Retroperitoneoscopic nephrectomy in overweight and obese Japanese patients: complications and outcomes.

作者信息

Makiyama Kazuhide, Nakaigawa Noboru, Miyoshi Yasuhide, Murakami Takayuki, Yao Masahiro, Kubota Yoshinobu

机构信息

Department of Urology, Yokohama City University Graduate School of Medicine, Yokohama, Japan.

出版信息

Urol Int. 2008;81(4):427-30. doi: 10.1159/000167841. Epub 2008 Dec 10.

Abstract

INTRODUCTION

The objective of the present study was to evaluate the safety of retroperitoneoscopic nephrectomy (RN) in obese Japanese patients.

PATIENTS AND METHODS

We retrospectively reviewed 190 consecutive RN procedures performed from May 2002 to May 2006. We divided patients into an obese group (BMI >or=25, n = 54) and a normal group (BMI <24.9, n = 136).

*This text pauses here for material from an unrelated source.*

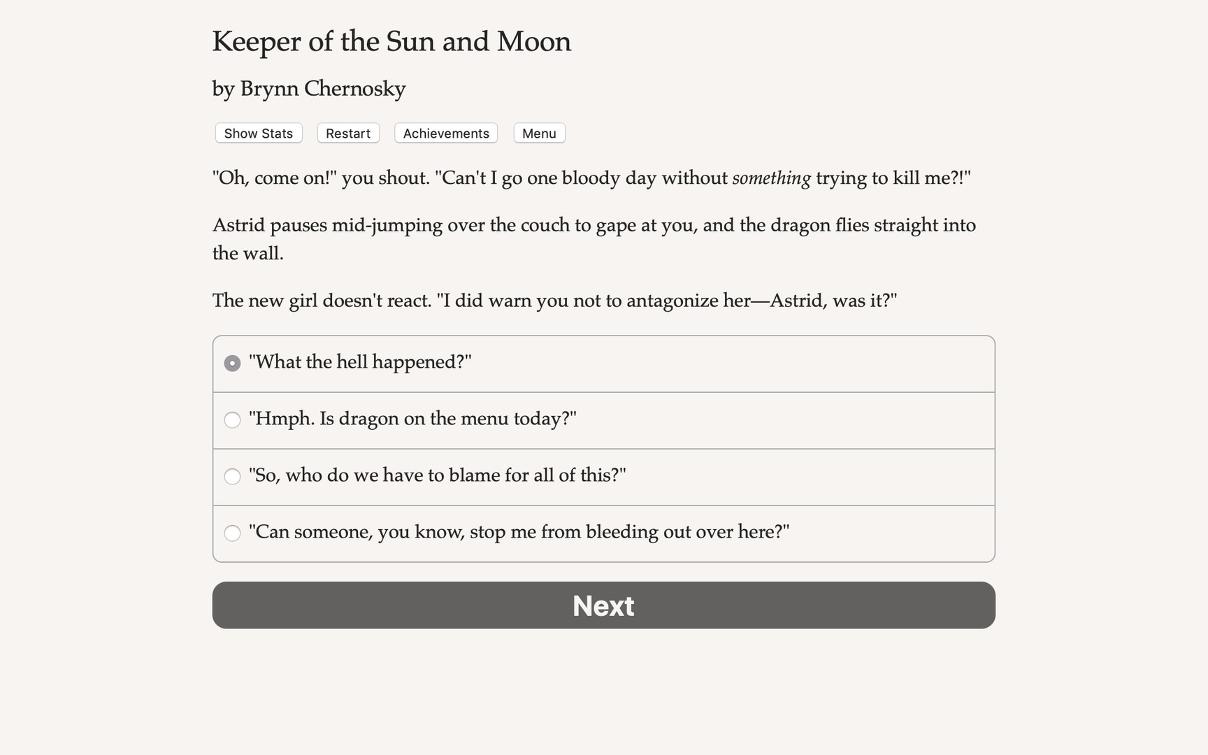 《太阳与月亮的守护者》是布琳·切诺斯基创作的310,000字互动式奇幻小说,你的选择将推动故事发展。这是一款完全基于文本的游戏——没有图形或音效,并由你无边的想象力驱动。
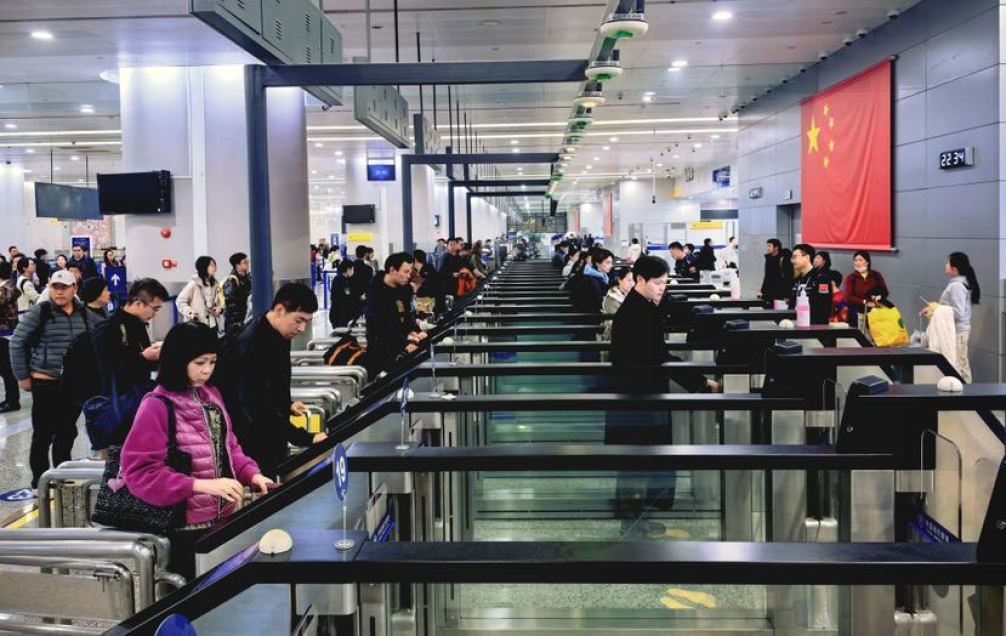 在上海边检民警的高效保障下,口岸秩序井然,充满新春活力。

Operation time, estimated blood loss, and complications were compared between the two groups.

RESULTS

The mean operation time was longer in the obese group than in the normal group (203 vs. 184 min, respectively; p = 0.029). The mean estimated blood loss in the obese and normal groups was 127 and 91 ml, respectively. This difference was not significant (p = 0.39). There was no significant difference in complications and the open conversion rate between the two groups.

CONCLUSIONS

Although the operation time in obese patients was slightly longer than in non-obese patients, RN in obese patients was safely performed.

摘要

引言

本研究的目的是评估肥胖日本患者行后腹腔镜肾切除术(RN)的安全性。

患者与方法

我们回顾性分析了2002年5月至2006年5月期间连续进行的190例RN手术。我们将患者分为肥胖组(BMI≥25,n = 54)和正常组(BMI<24.9,n = 136)。比较两组的手术时间、估计失血量及并发症情况。

结果

肥胖组的平均手术时间比正常组更长(分别为203分钟和184分钟;p = 0.029)。肥胖组和正常组的平均估计失血量分别为127毫升和91毫升。差异无统计学意义(p = 0.39)。两组在并发症及开放手术转换率方面无显著差异。

结论

虽然肥胖患者的手术时间比非肥胖患者略长,但肥胖患者行RN手术是安全的。